▸ EXERCISE: Each entry is to be reproduced verbatim, and images are to be omitted.

______________________________

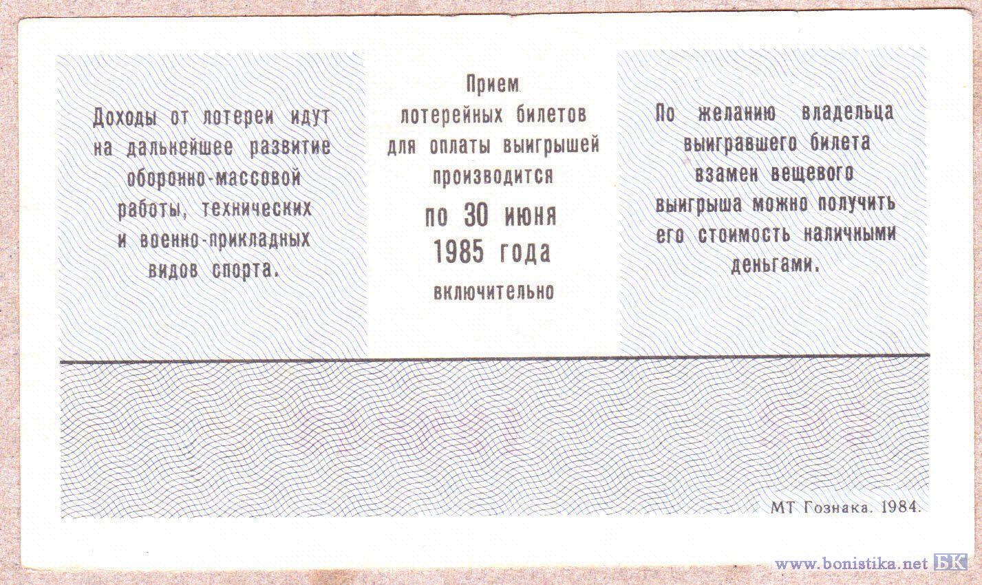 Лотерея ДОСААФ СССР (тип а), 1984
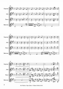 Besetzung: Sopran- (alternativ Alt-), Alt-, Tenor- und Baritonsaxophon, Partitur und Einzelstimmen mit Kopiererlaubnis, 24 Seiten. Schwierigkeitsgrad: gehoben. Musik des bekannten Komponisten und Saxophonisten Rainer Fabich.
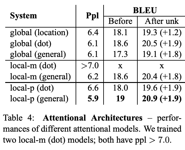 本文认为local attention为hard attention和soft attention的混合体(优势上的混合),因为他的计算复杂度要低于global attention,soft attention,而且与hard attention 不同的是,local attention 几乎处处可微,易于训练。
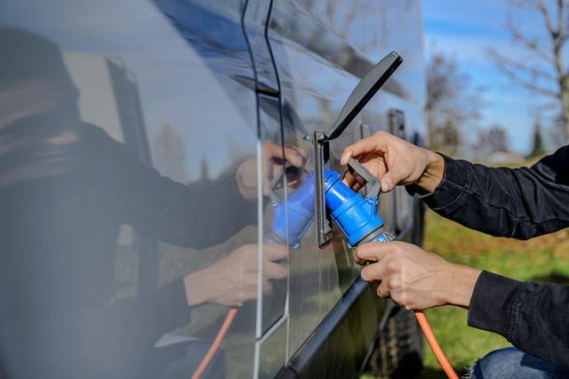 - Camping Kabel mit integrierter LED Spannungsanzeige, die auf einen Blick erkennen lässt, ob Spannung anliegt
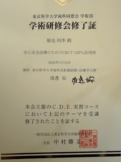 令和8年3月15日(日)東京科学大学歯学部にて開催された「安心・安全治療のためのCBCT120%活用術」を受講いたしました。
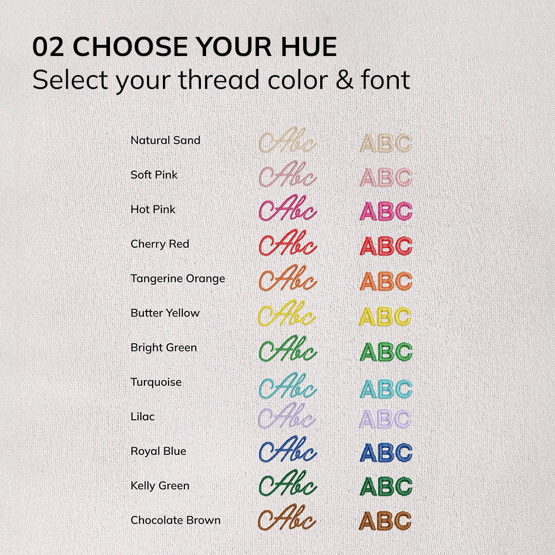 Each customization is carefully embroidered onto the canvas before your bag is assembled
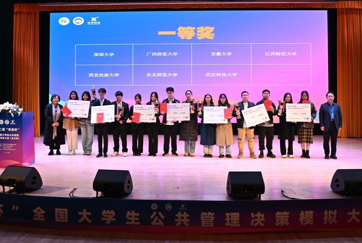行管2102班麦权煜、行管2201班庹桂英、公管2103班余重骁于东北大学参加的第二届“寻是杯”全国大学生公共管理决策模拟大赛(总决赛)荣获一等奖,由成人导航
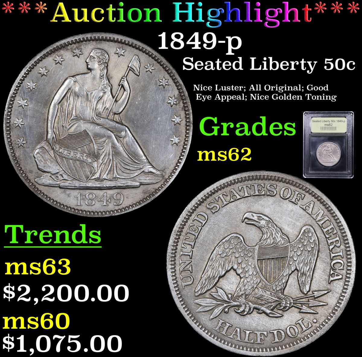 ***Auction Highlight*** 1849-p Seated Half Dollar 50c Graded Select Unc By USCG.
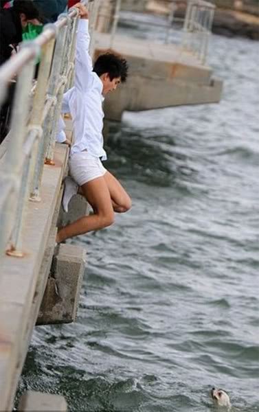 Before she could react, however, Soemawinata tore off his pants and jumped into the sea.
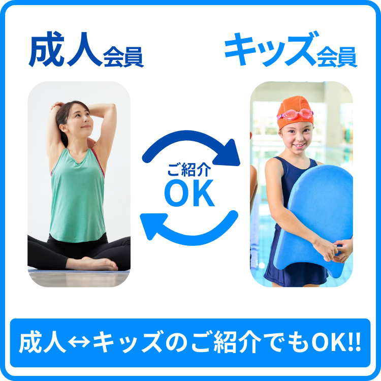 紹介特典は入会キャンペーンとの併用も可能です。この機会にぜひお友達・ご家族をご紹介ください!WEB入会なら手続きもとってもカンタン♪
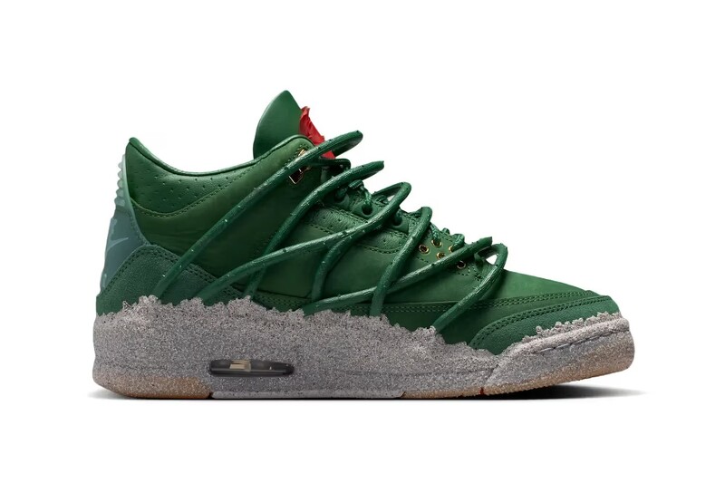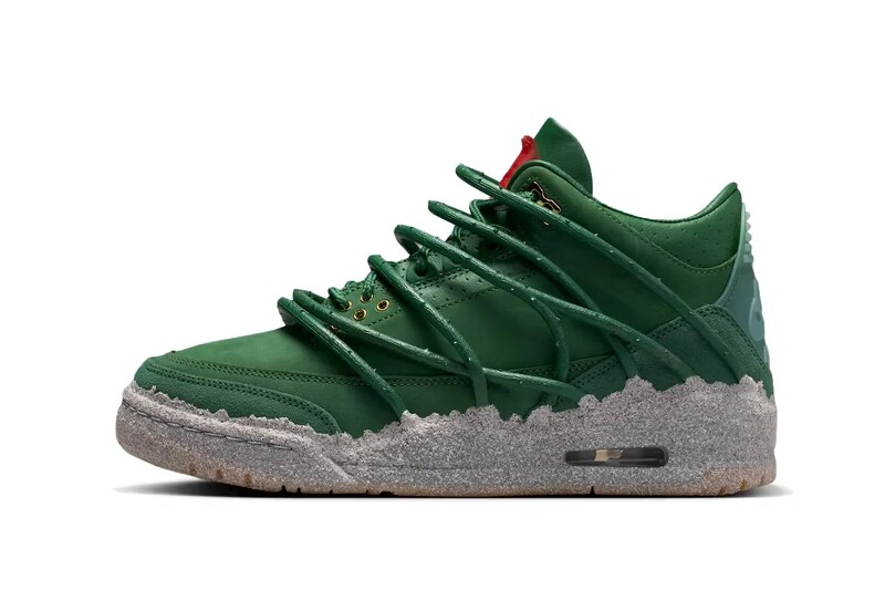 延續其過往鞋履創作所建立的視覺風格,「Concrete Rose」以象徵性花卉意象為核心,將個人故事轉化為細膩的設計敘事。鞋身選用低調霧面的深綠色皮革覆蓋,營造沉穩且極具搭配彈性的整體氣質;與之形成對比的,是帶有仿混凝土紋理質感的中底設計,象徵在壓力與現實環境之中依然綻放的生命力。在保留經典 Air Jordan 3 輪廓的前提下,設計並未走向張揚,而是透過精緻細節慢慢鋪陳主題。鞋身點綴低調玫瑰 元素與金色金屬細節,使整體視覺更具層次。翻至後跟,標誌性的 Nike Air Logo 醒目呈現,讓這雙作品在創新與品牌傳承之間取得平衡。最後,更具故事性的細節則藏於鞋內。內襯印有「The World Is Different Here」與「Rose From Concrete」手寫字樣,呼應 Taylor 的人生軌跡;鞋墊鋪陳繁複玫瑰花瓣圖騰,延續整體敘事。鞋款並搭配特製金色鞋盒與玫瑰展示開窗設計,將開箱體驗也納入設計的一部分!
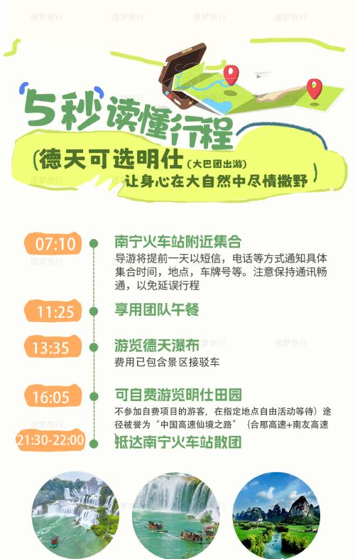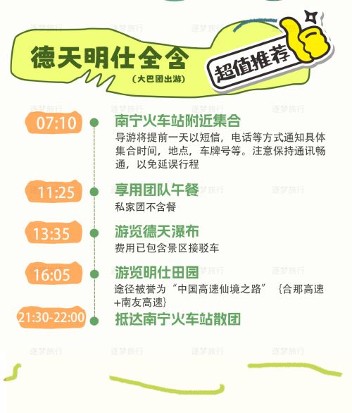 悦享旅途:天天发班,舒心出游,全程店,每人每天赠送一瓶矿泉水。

______________________________

▸ WRITTEN SOLUTION:
 Лотерея ДОСААФ СССР (тип а), 1984
 Besetzung: Sopran- (alternativ Alt-), Alt-, Tenor- und Baritonsaxophon, Partitur und Einzelstimmen mit Kopiererlaubnis, 24 Seiten. Schwierigkeitsgrad: gehoben. Musik des bekannten Komponisten und Saxophonisten Rainer Fabich.
 本文认为local attention为hard attention和soft attention的混合体(优势上的混合),因为他的计算复杂度要低于global attention,soft attention,而且与hard attention 不同的是,local attention 几乎处处可微,易于训练。
 - Camping Kabel mit integrierter LED Spannungsanzeige, die auf einen Blick erkennen lässt, ob Spannung anliegt
 令和8年3月15日(日)東京科学大学歯学部にて開催された「安心・安全治療のためのCBCT120%活用術」を受講いたしました。
 Each customization is carefully embroidered onto the canvas before your bag is assembled
行管2102班麦权煜、行管2201班庹桂英、公管2103班余重骁于东北大学参加的第二届“寻是杯”全国大学生公共管理决策模拟大赛(总决赛)荣获一等奖,由成人导航
 ***Auction Highlight*** 1849-p Seated Half Dollar 50c Graded Select Unc By USCG.
 Before she could react, however, Soemawinata tore off his pants and jumped into the sea.
 紹介特典は入会キャンペーンとの併用も可能です。この機会にぜひお友達・ご家族をご紹介ください!WEB入会なら手続きもとってもカンタン♪
 延續其過往鞋履創作所建立的視覺風格,「Concrete Rose」以象徵性花卉意象為核心,將個人故事轉化為細膩的設計敘事。鞋身選用低調霧面的深綠色皮革覆蓋,營造沉穩且極具搭配彈性的整體氣質;與之形成對比的,是帶有仿混凝土紋理質感的中底設計,象徵在壓力與現實環境之中依然綻放的生命力。在保留經典 Air Jordan 3 輪廓的前提下,設計並未走向張揚,而是透過精緻細節慢慢鋪陳主題。鞋身點綴低調玫瑰 元素與金色金屬細節,使整體視覺更具層次。翻至後跟,標誌性的 Nike Air Logo 醒目呈現,讓這雙作品在創新與品牌傳承之間取得平衡。最後,更具故事性的細節則藏於鞋內。內襯印有「The World Is Different Here」與「Rose From Concrete」手寫字樣,呼應 Taylor 的人生軌跡;鞋墊鋪陳繁複玫瑰花瓣圖騰,延續整體敘事。鞋款並搭配特製金色鞋盒與玫瑰展示開窗設計,將開箱體驗也納入設計的一部分!
 悦享旅途:天天发班,舒心出游,全程店,每人每天赠送一瓶矿泉水。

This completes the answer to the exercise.